Return the records exactly as they appear below, omitting the pictures.

******

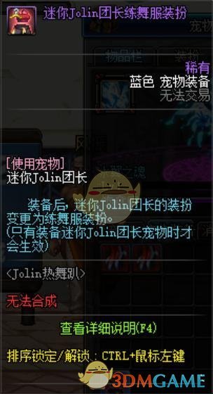 迷你Jolin团长练舞服装扮,大家其实应该猜出来是宠物装备了,但是这一个装备没有任何属性加成,唯独一个描述让这个宠物眼前一亮,那就是穿上这个宠物装备后,迷你Jolin团长宠物会变装,话说这个操作我回坑以来还没有发现遇到宠物使用装备可以变装的,这是特有的一只宠物了吧,不过属性有点差,要是做得好一些的属性,确实很有看点。
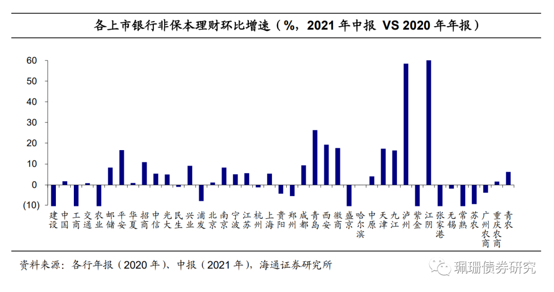 2021年H1,41家A、H股上市银行(45家上市银行中剔除重庆、甘肃、天津、九台农商银行)表外非保本理财总规模为21.6万亿元,同比增长0.2%,环比减少1.8%。理财规模同比和环比增长银行家数分别为29家和27家。城商行理财规模的增幅较大,同比增速达到10%,环比增速5.4%。工商银行、招商银行非保本理财规模最大,均突破2万亿元。
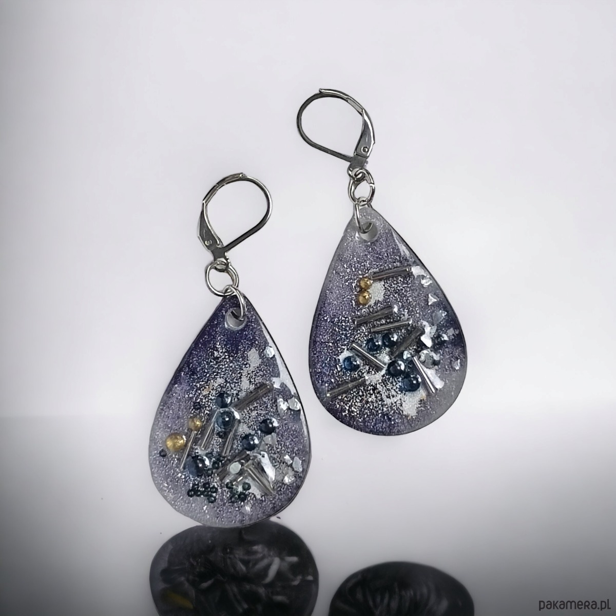 UNIKATOWE kolczyki z żywicy : kolekcja PICASSO szarofioletowe
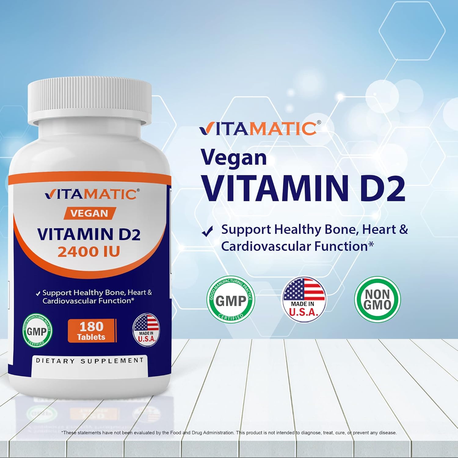 Vitamatic Vitamin D2 60 mcg (2400 IU) – Ergocalciferol – 180 Vegetarian Tablets (180 Tablets (Pack of 1)) (1 Bottle)
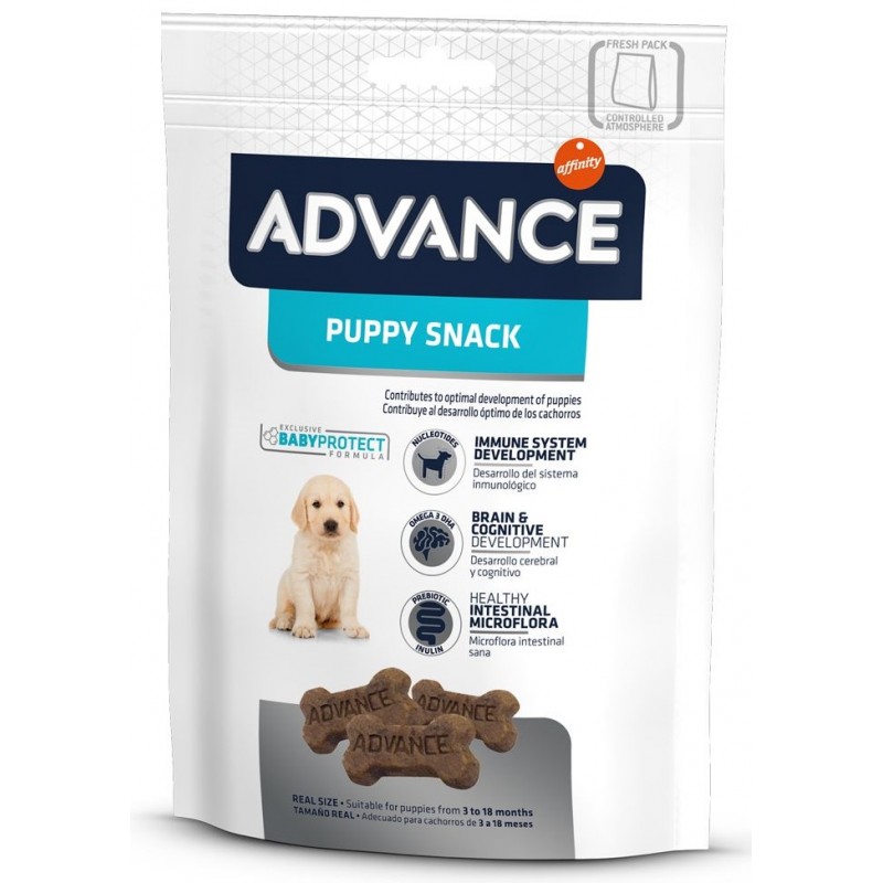 ADVANCE Puppy Snack è un biscotto morbido e appetitoso che grazie alla sua formula esclusiva contribuisce allo sviluppo ottimale del tuo cucciolo. Contiene nucleotidi che stimolano i meccanismi di difesa favorendo lo sviluppo del sistema immunitario. Contribuisce inoltre allo sviluppo cerebrale e cognitivo grazie al contenuto di Omega-3 DHA, mentre la inulina con effetti prebiotici favorisce lo sviluppo di una microflora intestinale sana.
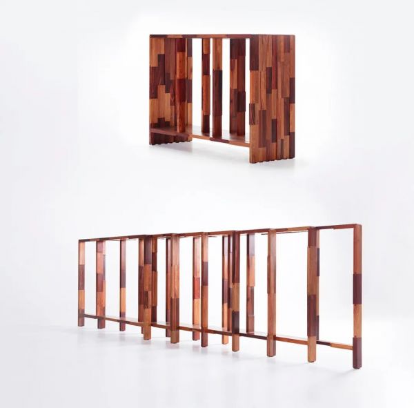 (作品“来来往往”系列虽是红木条案和屏风,却是用家具厂废料堆里挑选出来的红木边角料,用榫卯的做法拼合而成。)

******

**Solved problem**
 迷你Jolin团长练舞服装扮,大家其实应该猜出来是宠物装备了,但是这一个装备没有任何属性加成,唯独一个描述让这个宠物眼前一亮,那就是穿上这个宠物装备后,迷你Jolin团长宠物会变装,话说这个操作我回坑以来还没有发现遇到宠物使用装备可以变装的,这是特有的一只宠物了吧,不过属性有点差,要是做得好一些的属性,确实很有看点。
 2021年H1,41家A、H股上市银行(45家上市银行中剔除重庆、甘肃、天津、九台农商银行)表外非保本理财总规模为21.6万亿元,同比增长0.2%,环比减少1.8%。理财规模同比和环比增长银行家数分别为29家和27家。城商行理财规模的增幅较大,同比增速达到10%,环比增速5.4%。工商银行、招商银行非保本理财规模最大,均突破2万亿元。
 UNIKATOWE kolczyki z żywicy : kolekcja PICASSO szarofioletowe
 Vitamatic Vitamin D2 60 mcg (2400 IU) – Ergocalciferol – 180 Vegetarian Tablets (180 Tablets (Pack of 1)) (1 Bottle)
 ADVANCE Puppy Snack è un biscotto morbido e appetitoso che grazie alla sua formula esclusiva contribuisce allo sviluppo ottimale del tuo cucciolo. Contiene nucleotidi che stimolano i meccanismi di difesa favorendo lo sviluppo del sistema immunitario. Contribuisce inoltre allo sviluppo cerebrale e cognitivo grazie al contenuto di Omega-3 DHA, mentre la inulina con effetti prebiotici favorisce lo sviluppo di una microflora intestinale sana.
 (作品“来来往往”系列虽是红木条案和屏风,却是用家具厂废料堆里挑选出来的红木边角料,用榫卯的做法拼合而成。)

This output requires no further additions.